As of June 2012, the fleet consisted of:
- 41 Dennis Dart SLF (Bodied by Plaxton and Marshall)
- 17 Optare Solo
- 1 Optare Excel
- 2 Dennis Trident 2(East Lancs Body)

In the past the fleet was more varied. The original fleet consisted mostly of Leyland Nationals and Leopards, and Dodge minibuses were also popular. Choice's Managing Director, Tom Young, was never shy to experiment: unusual purchases were four Wright Urbanranger bodied Mercedes-Benz OH1416s, similar in body design to the comparable Endurance bodies on the Volvo B10B, and the fore-runner to the low floor version of the Mercedes-Benz O405, but which did not sell in large numbers following the advent of the low-floor bus. Young also purchased a pair of new step-entrance Northern Counties-bodied Dennis Darts for route 171; the ageing Leyland Nationals were withdrawn in favour of newer stock. The merger with Status Bus & Coach saw new types arrive, including Wright Handybus bodied Dennis Darts, Marshall bodied Dennis Falcons and former Ipswich Buses dual entrance Northern Counties bodied Dennis Falcons.

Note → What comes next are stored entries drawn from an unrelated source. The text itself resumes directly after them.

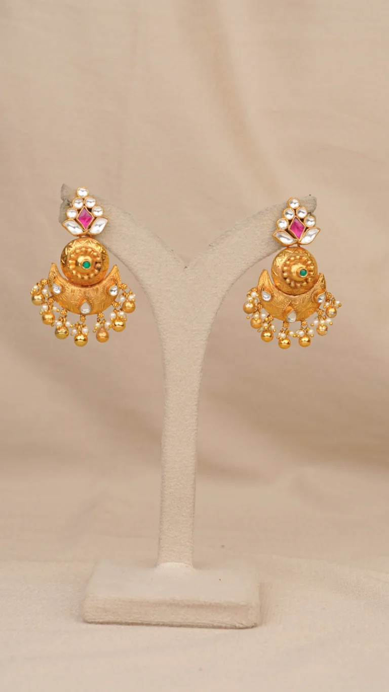 A regal pair of gold-forming earrings adorned with a striking red square stone at the top, delicate green stone detailing, and sparkling white accents. The dome-shaped design features intricate etching and is finished with clusters of pearls and gold beads, adding a traditional grandeur. Perfect for weddings, festive wear, and special occasions, these earrings exude timeless elegance.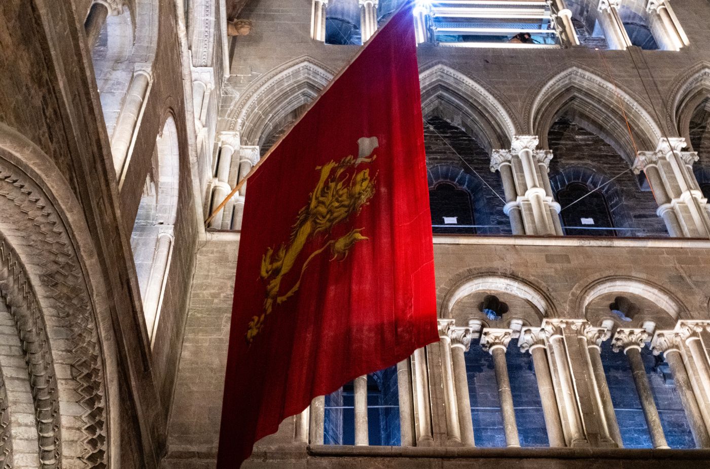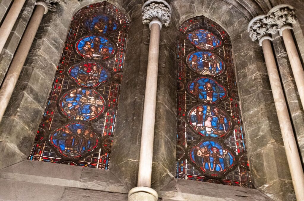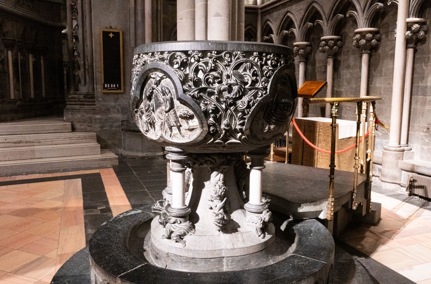There were no windows remaining when the restoration work began in the 19th century. They are made by Gabriel Kielland and date back to the early 20th century. The windows are inspired by French cathedrals, especially Chartres Cathedral. You’ll notice they are quite dark; this is because Kielland travelled through France and assumed the windows in France were purposely dark. However, the French had not cleaned the windows! That’s why the windows in the cathedral are so dark.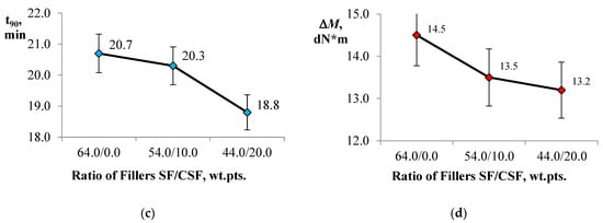 Given the presence of silanol groups on the surface of the carbon–silicon filler and its high content of amorphous silica, a partial replacement of the commercial silica filler with CSF was deemed of interest. The aim was to evaluate the effect of this substitution on the key properties of tread rubber compounds. Partly replacing the highly active silica filler with CSF was performed in the industrial formulation used for the tread of summer car tyres (Table 5).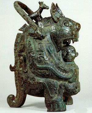 虎食人卣是中国商代晚期的青铜器珍品,也是日本藏中国青铜器中最重要的两件之一(另一件为永青文库的狩猎纹铜镜),通高35.7厘米,造型取踞虎与人相抱的姿态,立意奇特。它和许多出土于湖南的商代后期的青铜器一样,纹饰繁缛,以人兽为主题,表现怪异的思想。这件作品究竟是要表现老虎吃人的凶猛,还是人兽和谐的天人合一,历来说法不一,但可以确定的是,商代青铜器中很少有比这件更奇异复杂的了。

Fleet additions in 2012 included two double-deck Dennis Trident 2 buses and three Scania OmniLinks, all from Nottingham City Transport. The OmniLinks were transferred to D&G Bus, a sister company, in September 2012 in preparation for the takeover by Arriva. The Tridents, having only recently received Midland livery, were repainted a few weeks after acquisition by Arriva into corporate colours but only survived a few months with Arriva. Subsequently, Wednesfield depot operated standard Arriva buses including a batch of ex-Arriva London Alexander ALX400 bodied DAF DB250. A few of the ex-Midland buses would briefly operate with Diamond Bus after the acquisition of the Wednesfield operations.